Further, the output layer is configured to output a value of the reward function corresponding to the currently selected action in the current system state.
According to another aspect of the invention, the unloading decision system in the mobile edge calculation based on the deep Q learning is used for executing the unloading decision method in the mobile edge calculation based on the deep Q learning.
The invention has the beneficial effects that:
the invention applies a deep reinforcement learning algorithm to the unloading decision problem in the mobile edge calculation, and designs the corresponding system state, action and reward equation according to the task scheduling models such as a local calculation queue, a task transmission queue, an edge server queue and the like established in the system.

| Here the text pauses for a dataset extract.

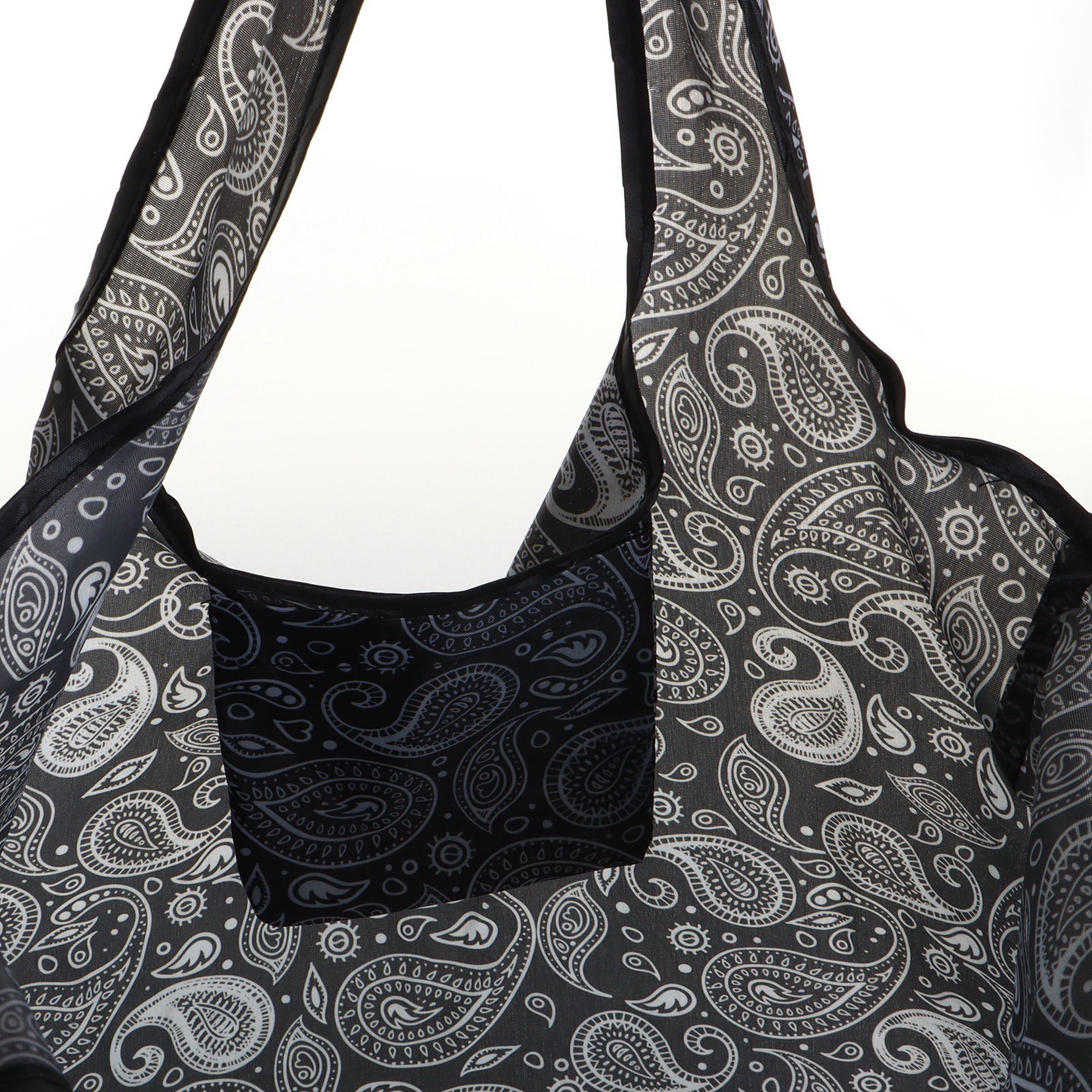 Размер упаковки: 10 x 1 x 10 см. Назначение: Хозяйственные Цвет: Чёрный Для кого: Для женщины Температурное ограничение: Нет Модель сумки: Складная Дополнительный объём: Без увеличения На колёсиках: Нет Рисунок: Да Вид застёжки: Без застёжки Maксимальная нагрузка, кг: 5 Ширина, см: 0.5 Длина, см: 46 Тематика: Орнамент Высота, см: 63 tnved: 4202990000 Черная складная сумка верный помощник в хозяйственных делах для женщин, ценящих удобство и стиль. Порадуйте себя вместительной и практичной моделью, которая с легкостью вмещает покупки или необходимые вещи. Компактный дизайн без застежки позволяет быстро разворачивать и складывать сумку по мере необходимости, что делает ее идеальным спутником в вашем ежедневном ритме жизни. Ключевые особенности:

By comparing the average time delay and energy consumption of the method with those of other algorithms, the unloading decision method disclosed by the invention can be used for greatly reducing the time delay and energy consumption generated in the unloading decision process in the mobile edge computing system.
Drawings
FIG. 1 is a diagram of a neural network constructed in accordance with the present invention;
FIG. 2 is a graph of the convergence of the value of the reward function with the number of iterations of the method of the present invention;
FIG. 3 is a graph of average reward value versus number of users for the method of the present invention and three other baseline algorithms;
FIG. 4 is a graph of the average delay as a function of the number of users for the method of the present invention and three other baseline algorithms.
Detailed Description
In a first specific embodiment, the present embodiment provides a computation offloading strategy based on deep reinforcement learning for a network scenario with multiple mobile devices and multiple servers in an MEC system. Each mobile user is regarded as an intelligent agent, and tasks need to be queued due to the arrival sequence of the tasks in the unloading process. Then, time delay and energy consumption cost calculation models under two types of task execution modes are respectively established, and a design method taking minimized system cost as a target is used, so that the minimum system time delay and energy consumption are generated in a plurality of continuous time slots.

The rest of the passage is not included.